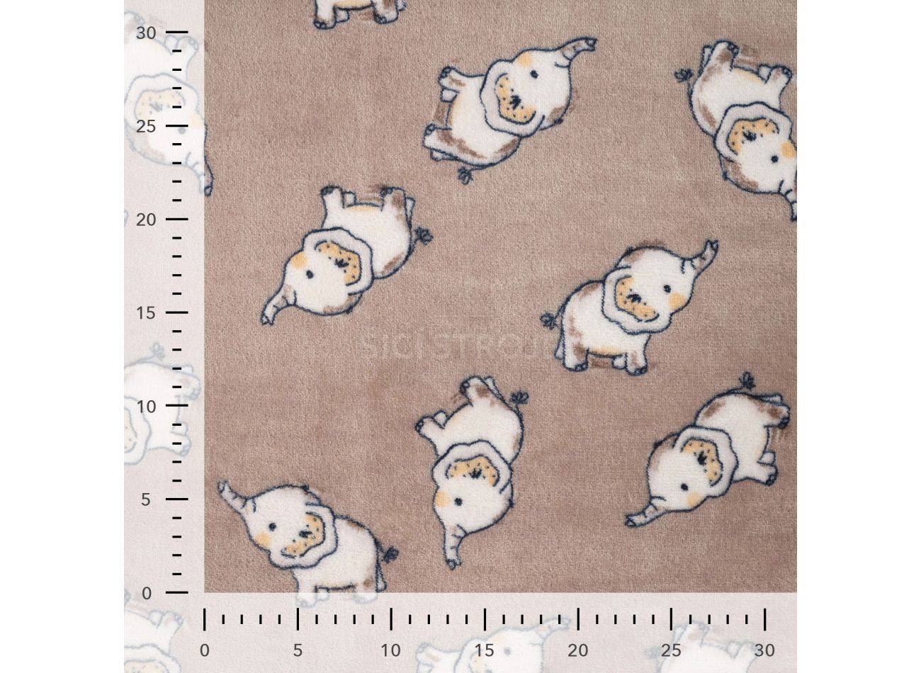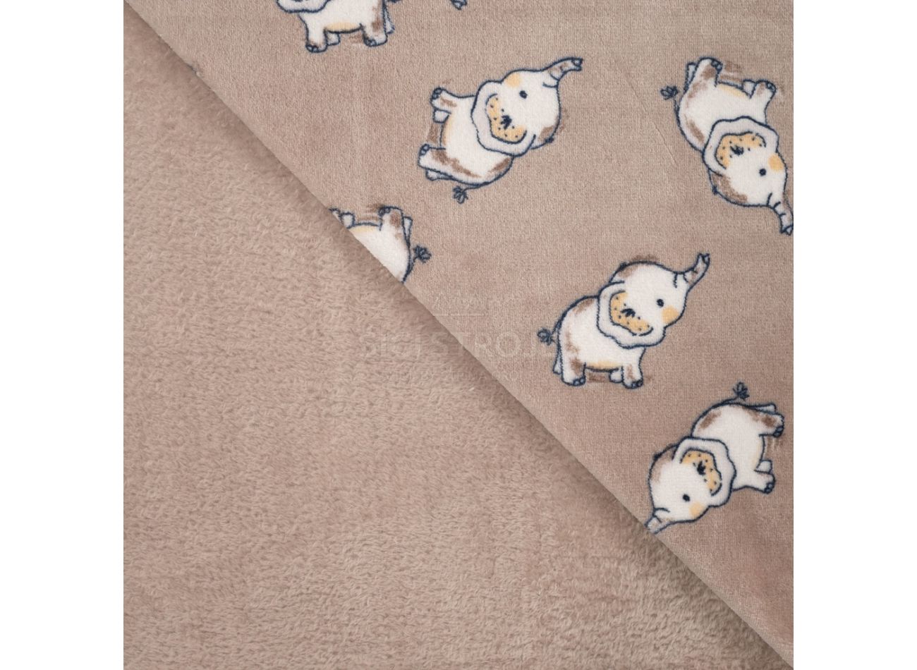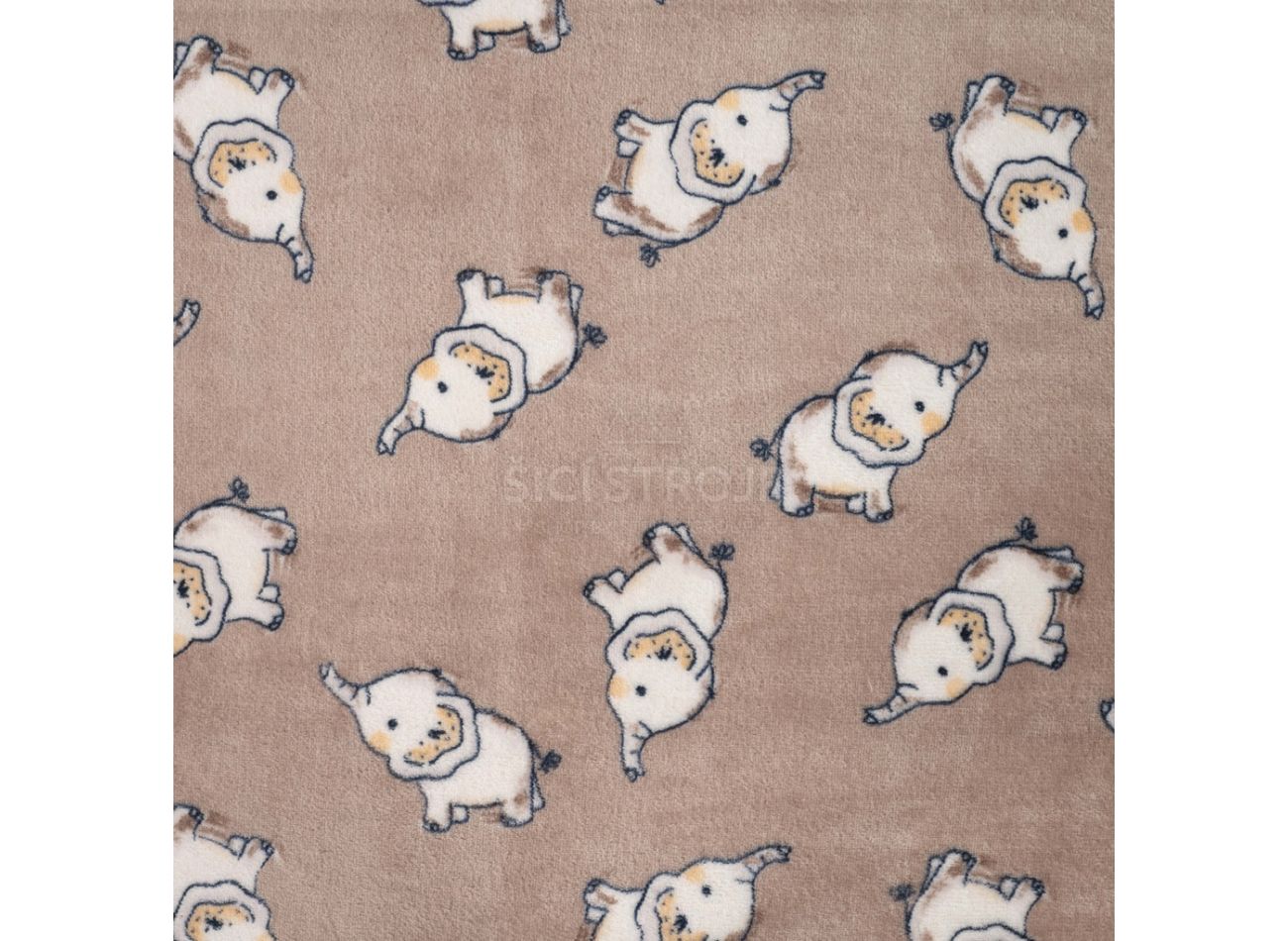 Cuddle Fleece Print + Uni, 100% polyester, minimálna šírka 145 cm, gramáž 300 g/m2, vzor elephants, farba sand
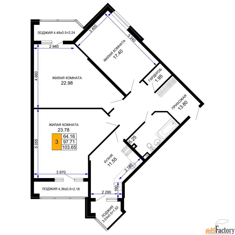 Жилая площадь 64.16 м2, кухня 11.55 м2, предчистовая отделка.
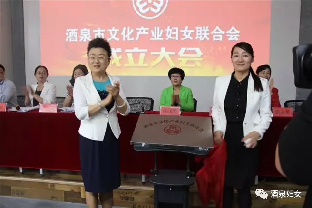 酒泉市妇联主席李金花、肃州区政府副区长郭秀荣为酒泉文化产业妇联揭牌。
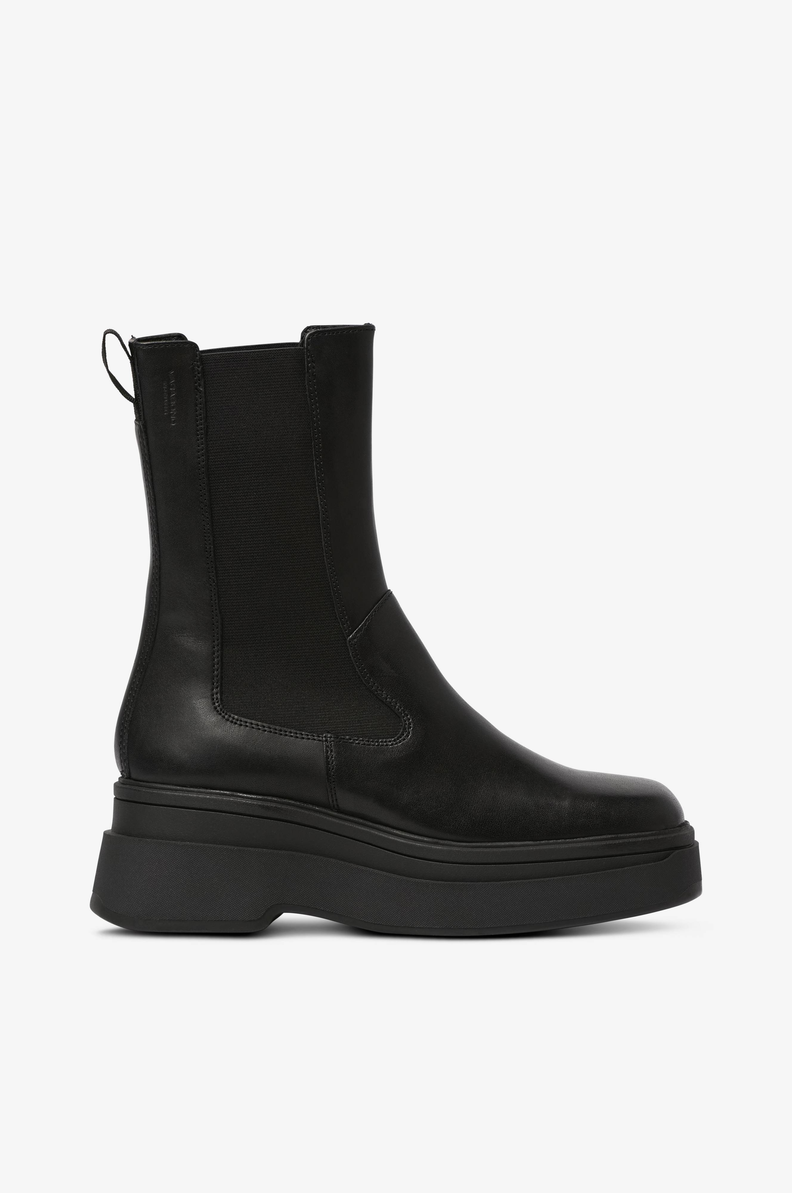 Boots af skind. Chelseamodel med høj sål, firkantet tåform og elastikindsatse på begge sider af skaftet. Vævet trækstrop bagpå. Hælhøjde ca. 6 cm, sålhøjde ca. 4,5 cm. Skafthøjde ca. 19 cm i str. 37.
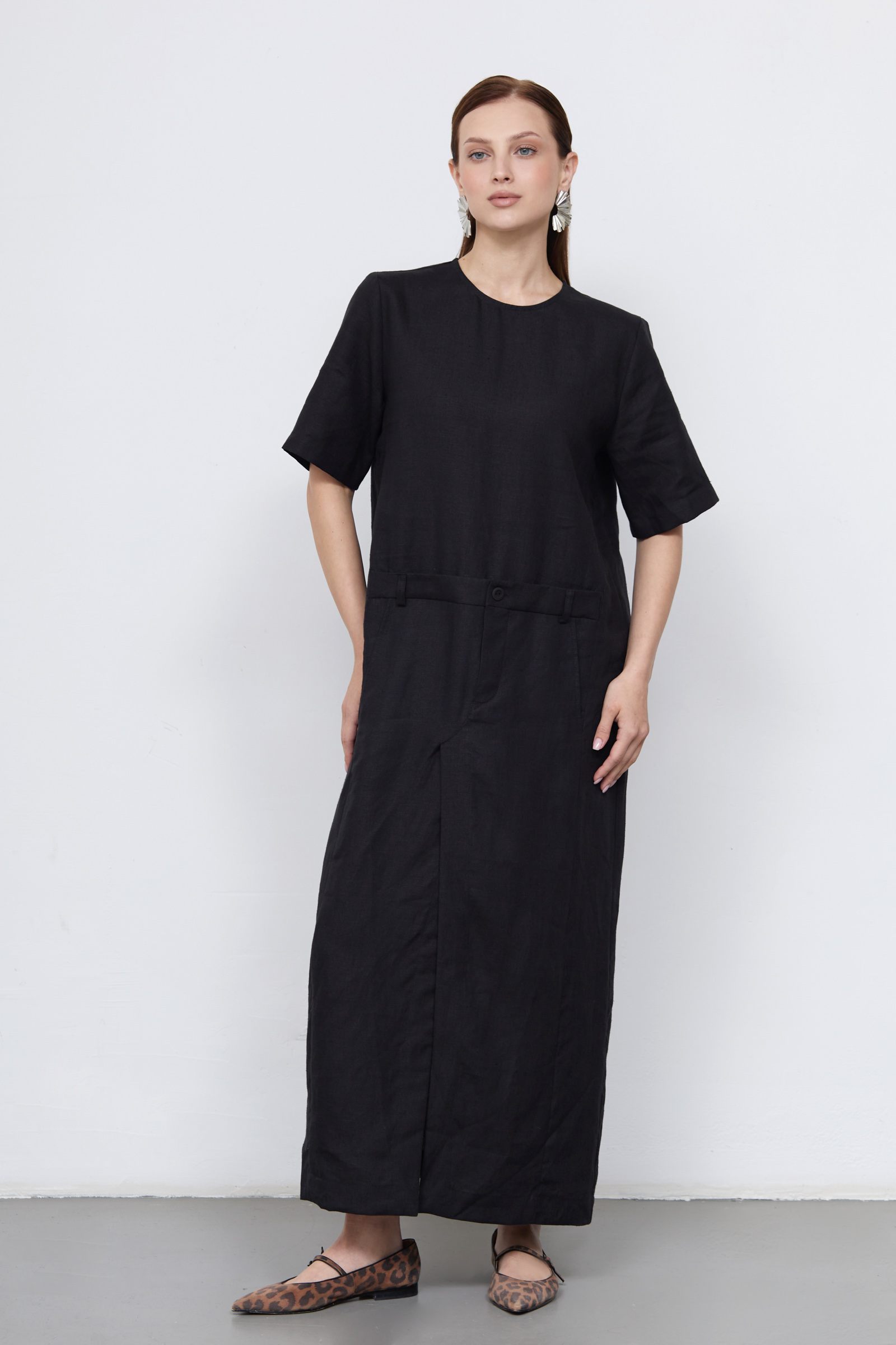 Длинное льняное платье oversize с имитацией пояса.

- - - -

### [Exercise brief]
Keep every word of the records and none of the pictures when you print them again.

### [Solution]
 Cuddle Fleece Print + Uni, 100% polyester, minimálna šírka 145 cm, gramáž 300 g/m2, vzor elephants, farba sand
 Жилая площадь 64.16 м2, кухня 11.55 м2, предчистовая отделка.
 酒泉市妇联主席李金花、肃州区政府副区长郭秀荣为酒泉文化产业妇联揭牌。
 Boots af skind. Chelseamodel med høj sål, firkantet tåform og elastikindsatse på begge sider af skaftet. Vævet trækstrop bagpå. Hælhøjde ca. 6 cm, sålhøjde ca. 4,5 cm. Skafthøjde ca. 19 cm i str. 37.
 Длинное льняное платье oversize с имитацией пояса.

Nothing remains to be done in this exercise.